KEN SILVERSTEIN: Yeah, I mean, most of the people I’m talking about, most of these advisers, previously worked in government. Now they may be off in the business—the private sector. Some of them are going to end up going back into government, I’m quite sure of that, in either a Obama or McCain administration.
But yeah, Berger is a classic example. I mean, he started off in the private sector lobbying for permanent normal trade relations for China. This is back in the ’90s. And this—you know, I think probably many of your listeners may have forgotten, but ten years ago, fifteen years ago, the US relationship with Beijing was extremely heated. I mean, the debate about permanent normal trade relations with China was almost as heated as the debate over NAFTA. Millions and millions and millions of dollars were spent by the business community to lobby for this policy. And the Clinton administration reversed itself, completely reversed itself, and decided that it would prioritize—over human rights policy, it would prioritize commercial relationships. And that was what—that’s what happened. And Berger was one of the architects of this policy. After he left Hogan & Hartson, he joined the Clinton administration. So he basically lobbies for China in the private sector, joins the Clinton administration, where he lobbies for China, then goes to Stonebridge International, where he’s basically lobbying for China still.
And you find this pattern time and time again. There are senior government officials who, you know, had previously worked on behalf of China in one form or another, they go into government, then they retire, and they still have very, very important ties to China that benefit them financially in a very direct personal manner.
AMY GOODMAN: Can you talk, Ken Silverstein, about Alexander Haig and about Brent Scowcroft? Talk about, first, Haig.
KEN SILVERSTEIN: Well, Haig is—you know, the Chinese love Haig. I mean, there’s probably no American who they are more fond of than Al Haig. He worked with President Nixon and helped arrange the historic visit that Nixon made to China, which marked the opening.

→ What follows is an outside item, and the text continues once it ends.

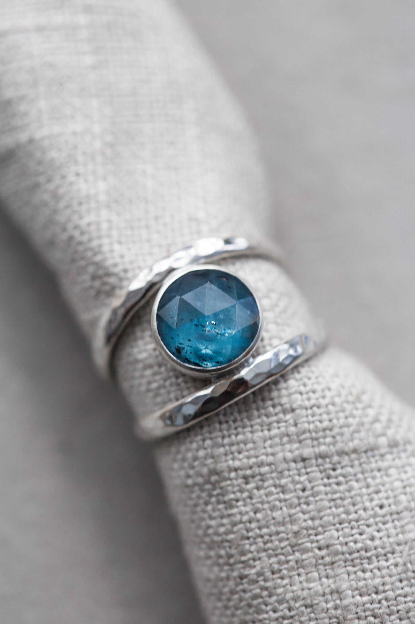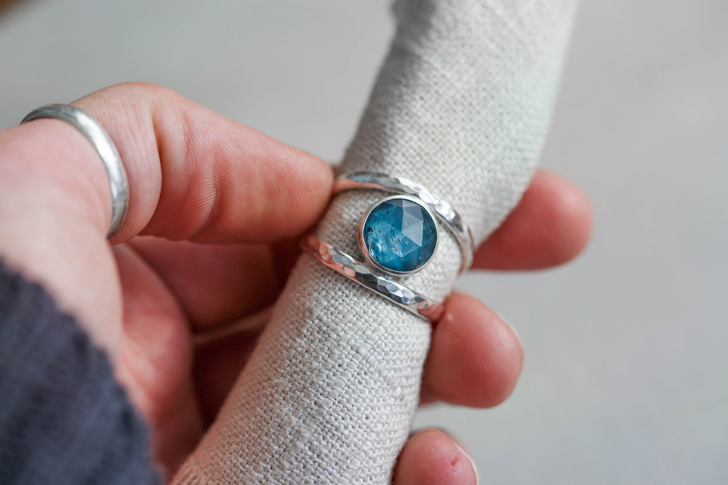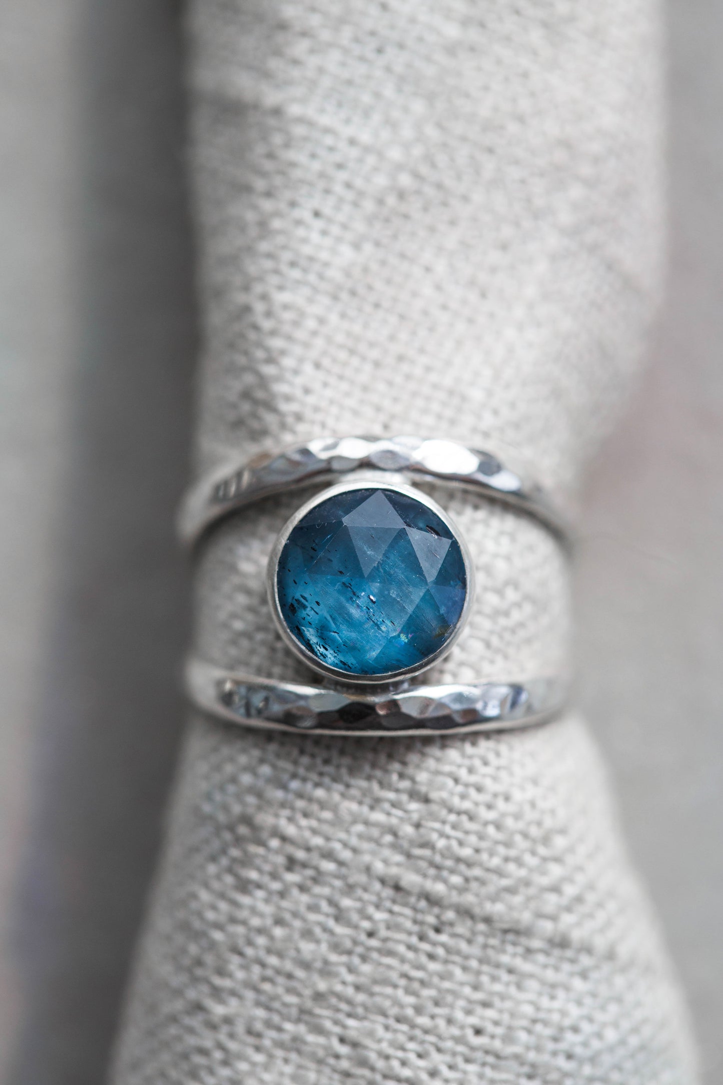 The teal blue kyanite gemstone drinks the light and holds it within. Looking into the stone is like looking up towards the light while underwater, dotted with crackling striations and dark inclusions like clusters of algae or leaves from nearby trees. Glistening facets refracting and throwing the light, like ripples on water. A ring for exploring ocean coves still sparkling with sea ice. A ring for the deep Atlantic, all saturated blues and shadows. A ring for mermaids and wave-walkers, ocean explorers with hearts made of sea salt.

He worked with—you know, he was Secretary of State under Ronald Reagan, and he, you know, very actively promoted Chinese interest against Taiwan, which also had a very powerful lobby.
And I should say here that, you know, Haig and many of the generation of foreign policy advisers from those years, the Reagan years and the Nixon years, the Republican presidents pre-George Bush, looked upon simply—or the Cold War Republican presidents—looked upon China simply as a buffer against the Soviet Union or as an ally against the Soviet Union. They didn’t really look at China in any way other than as a geopolitical, geo-strategic vehicle for the United States. And, you know, our primary enemy was the Soviet Union, and even though China was communist, it was not close at all to the Soviet Union, and so we made an alliance with China, you know, in this grand strategic game.
So, Haig develops very close relationships with China then. Then he retires, after becoming somewhat controversial, some of your listeners may recall, when he tried to take over the US government after Ronald Reagan was shot, claiming that he was next in line for power. He made a number of blunders. Yet he then goes into the private sector, opens up a firm called Worldwide Consulting, and, from there, becomes a door opener, and he does a lot of business in China, very close to the Chinese government.